Monday, March 1, 2021

Warning after work Zoom calls lead to increase in sexual harassment

After a shocking national report revealed 42 per cent of women workers have experienced sexual harassment online during lockdown, a Derby solicitors’ firm has pledged action to help.

The Rights Of Women’s survey between November 22 and December 15 also reported a 23% increase of such abuse since March 2020.

Alex Bullmore, an employment solicitor at Smith Partnership, said: “Colleagues have made us aware of examples which range from men exposing themselves during meetings on Zoom to unwanted sexual approaches on LinkedIn. It is horrendous but also surprising because it is not as if the men are anonymous.

“We need perpetrators and employers to be aware that, under the Equality Act, sexual harassment occurs when a person engages in unwanted conduct of a sexual nature, this conduct has the purpose of violating the other person’s dignity or creates a hostile, degrading, humiliating or offensive environment for them.

In the Rights Of Women report, one woman highlighted how working from home has enabled her harassers to further invade her privacy: “Having to let colleagues into my bedroom (via video meetings) means I feel my privacy has been invaded and nowhere is safe. The men now have more ammunition to mock me with.”
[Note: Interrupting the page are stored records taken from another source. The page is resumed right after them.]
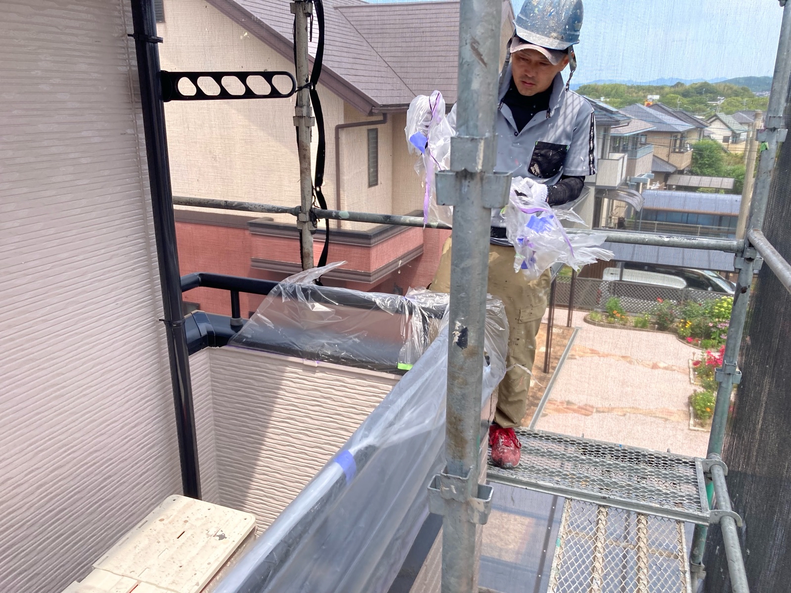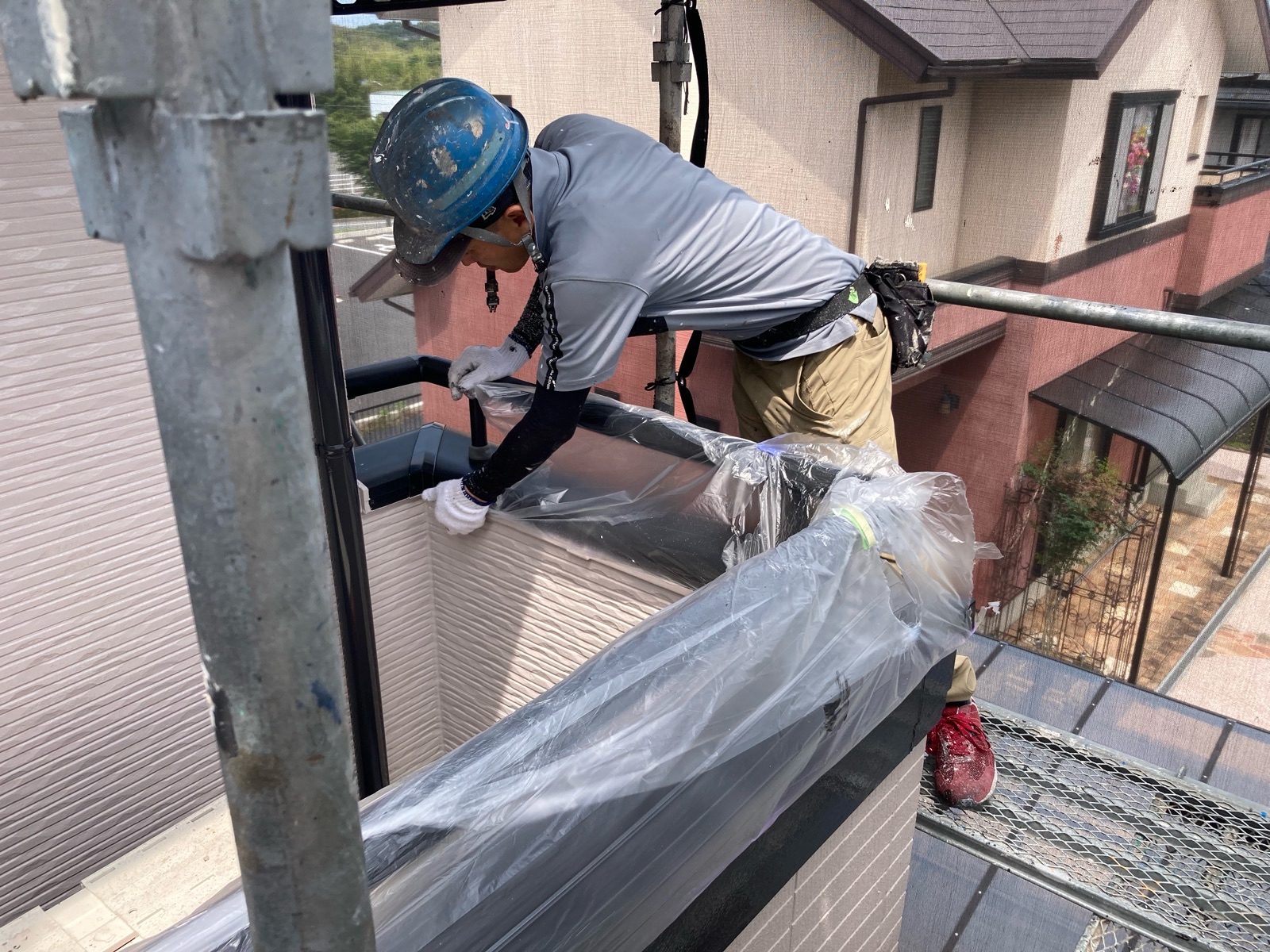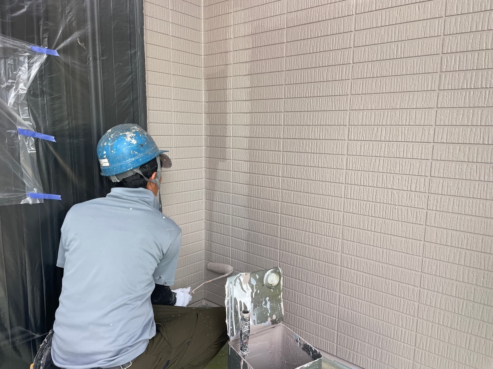本日は養生、外壁バリアー及び下塗り1回目をさせて頂いております。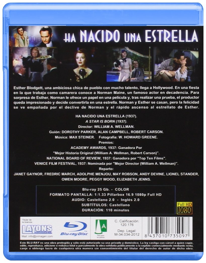 https://back.dvdstorespain.es/es/peliculas/14988-ha-nacido-una-estrella-blu-ray-1937-a-star-is-born-8437010735097.html14988Ha nacido una estrella (BLU-RAY) 1937 A Star is Born<div id="productDescription" class="a-section a-spacing-small"> <!-- show up to 2 reviews by default --><br /><p> <span>Norman Maine, un famoso actor adicto al alcohol, descubre a Esther, una joven con un gran talento para la canción y decide impulsar su carrera cinematográfica. Ella consigue la fama y, a los pocos meses, la pareja contrae matrimonio. Pero, a medida que el éxito de Esther aumenta, decae el de Norman, y esta situación lo empuja a la autodestrucción...</span> </p> </div>https://dvdstorespain.es/542853-home_default/ha-nacido-una-estrella-blu-ray-1937-a-star-is-born.jpg4.876instockKarma Films, S.L.4.8764.876002015-05-07T00:39:48+0200/Inicio/Inicio/Blu-ray/Inicio/Películas/Inicio/NuevosWilliam A. Wellman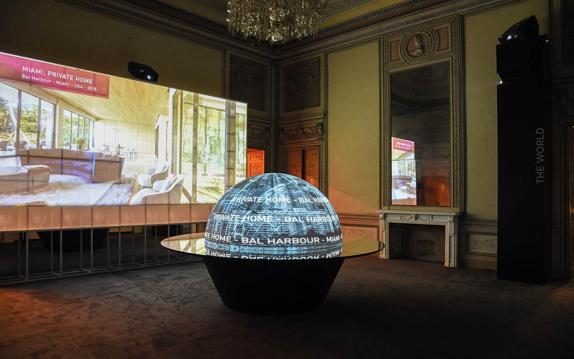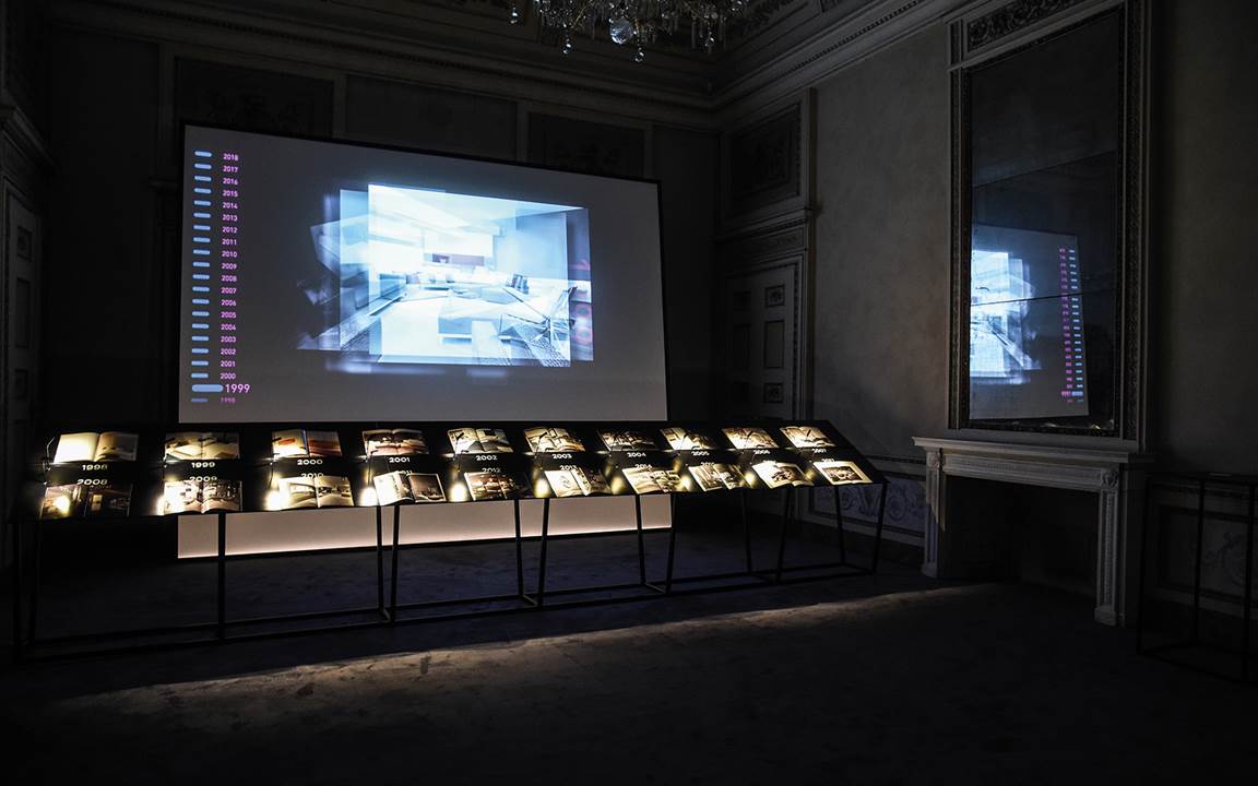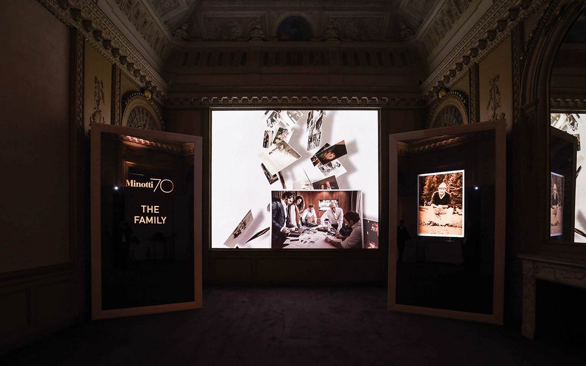 En la Sala de los tapices, un sistema de proyecciones reflejadas al infinito ha abrazado el espacio con un retrato familiar rico en objetos y recuerdos personales para contar la intuición de Alberto Minotti, desarrollada por las generaciones sucesivas; en el centro de la Sala del trono se ha colocado un gran mapamundi, en diálogo con la pared dinámica trasera, para guiar al visitante en el descubrimiento de los lugares y las obras de Minotti a lo largo del mundo; y en la pared principal de la Sala de las aves, un sistema articulado de proyecciones interactivas ha recorrido la historia y los proyectos de los últimos veinte años, fruto de una visión compartida con el arquitecto Rodolfo Dordoni.

Another spoke of her experience of cyber harassment, via Zoom: “The director of the company uses Zoom to take screenshots of myself and other women which he shares with colleagues making derogatory statements and implying the photos look like we’re doing sexual acts.”

A third woman told of the impact working from home has had on her ability to report sexual harassment: “The fact it’s on Zoom in front of others in a jokey manner makes it difficult to address.”
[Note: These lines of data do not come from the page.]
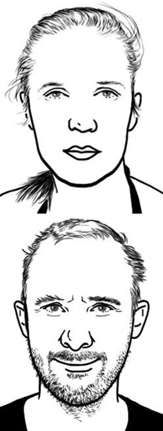 Umzug-Ritter in Aktion - der linke ist bewaffnet mit einer Klemmleuchte von Hay, einem schwarz-weißen »Fancy Finger Pillow« und einer bunten »Bobby Blanket« von Luckboysunday, der rechte tarnt sich mit der weißen Tischleuchte »Eraser« von Stefan Kehrle für Moree, dem Papierkorb »Bow Boon« für Cordula Kehrer und einem blau-weißen »Fancy Finger Pillow«.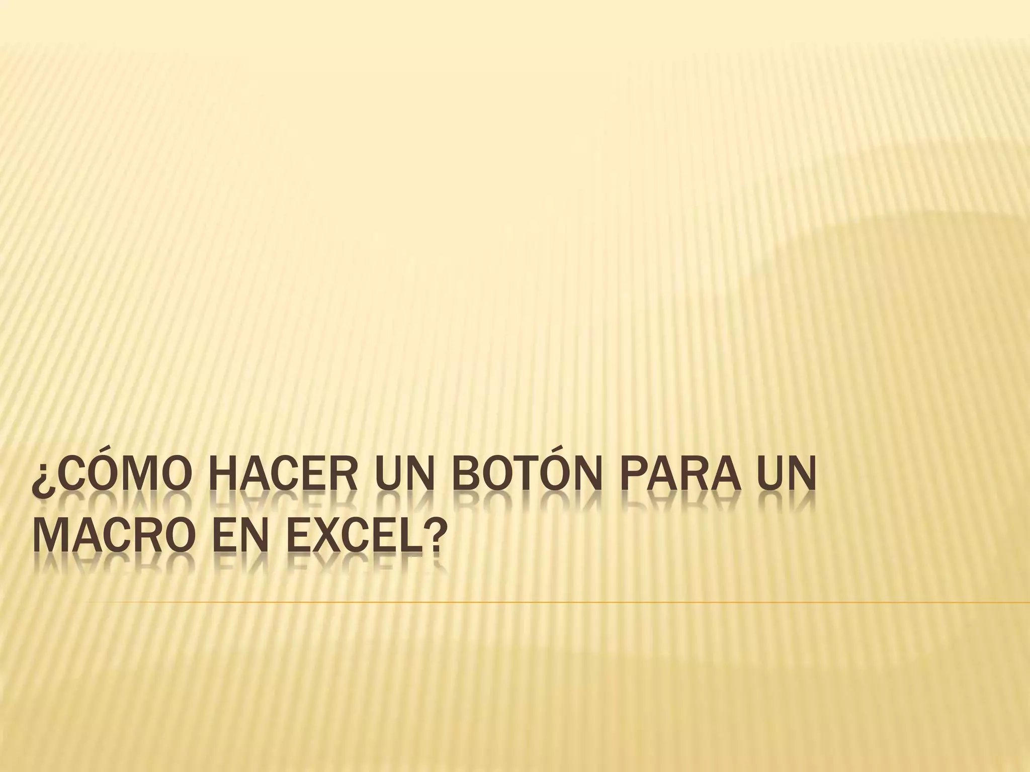 Este documento proporciona instrucciones en 7 pasos para crear un botón en Excel que ejecute un macro. Explica cómo agregar la barra Desarrollador para acceder a los controles necesarios, insertar un botón, asignarle un macro existente o crear uno nuevo, modificar el diseño y texto del botón, y finalmente colocarlo en la hoja de cálculo.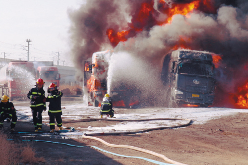 11月16日,鞍山海城東四鎮(zhèn)一大型物流公司停車場,兩輛大貨車與一輛油罐車相撞,導(dǎo)致30噸油罐車裝載的汽油泄漏起火。海城消防調(diào)集人員火速前往撲救處置,經(jīng)一小時(shí)工作,大火被撲滅,現(xiàn)場無人員傷亡。

Alex added: “These are shocking case studies. Businesses can take steps to prevent sexual harassment in the workplace and it is important that they do.

“Measures that employers can consider taking include: Conducting investigations into the extent of the potential problem in the business and identifying any areas of risk.
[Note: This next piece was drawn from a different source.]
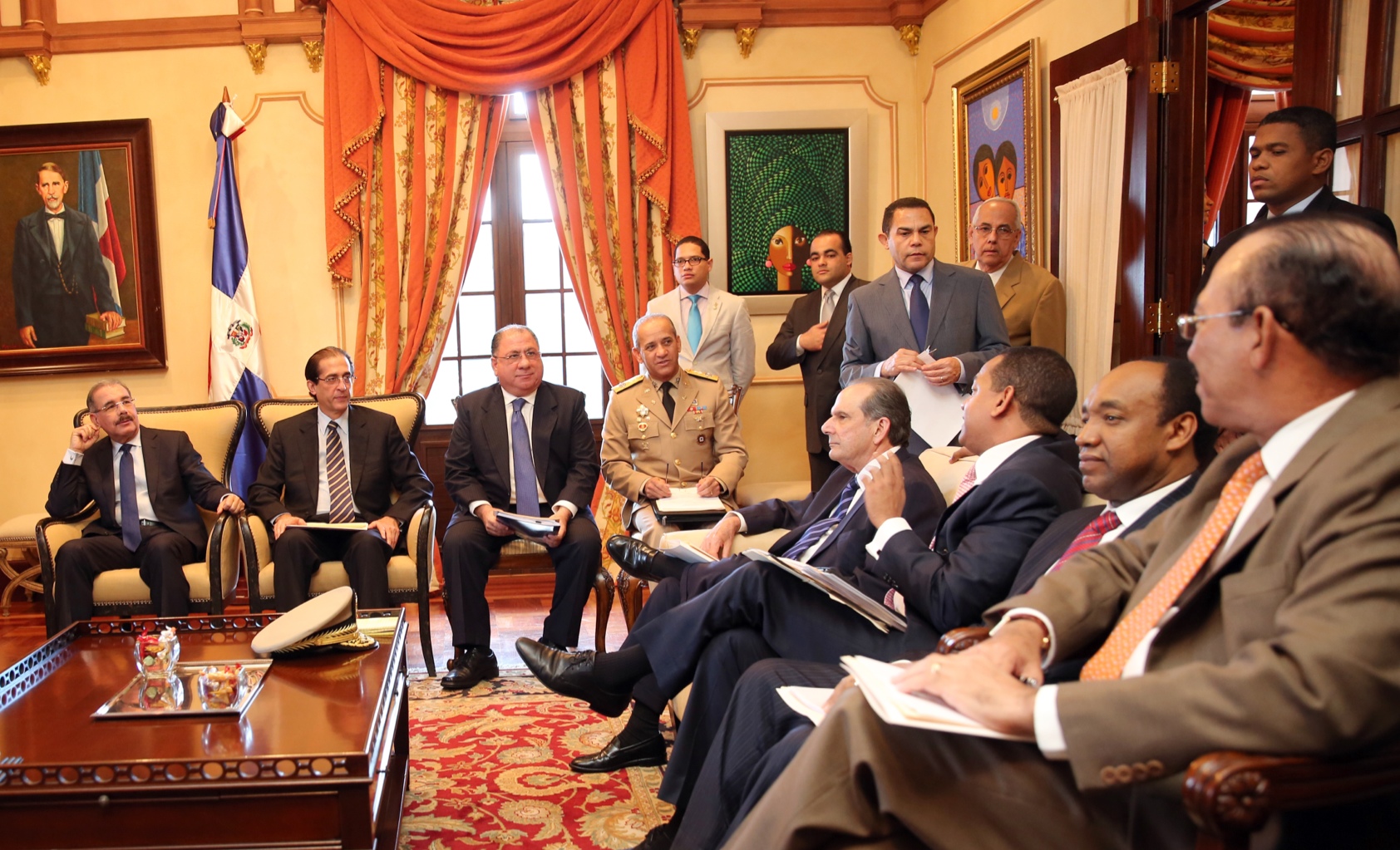 Participación del presidente Danilo Medina con la Comisión Nacional de Migración para conocer las propuestas realizadas por entidades nacionales e internacionales a fin de consensuar el Plan Nacional de Regularización de Extranjeros en el país, según lo establece la Sentencia 168-13 del Tribunal Constitucional de la República Dominicana.

“They should also have a culture of zero-tolerance towards any harassment and an environment where all employees are encouraged to report any inappropriate behaviour.

“They should make sure policies are up to date, accessible and clearly set out the zero-tolerance approach, and how employees can report inappropriate conduct.

“Finally, they should ensure managers are trained appropriately, and that they deal with any complaints quickly, appropriately and effectively and provide anti-harassment training for all employees.”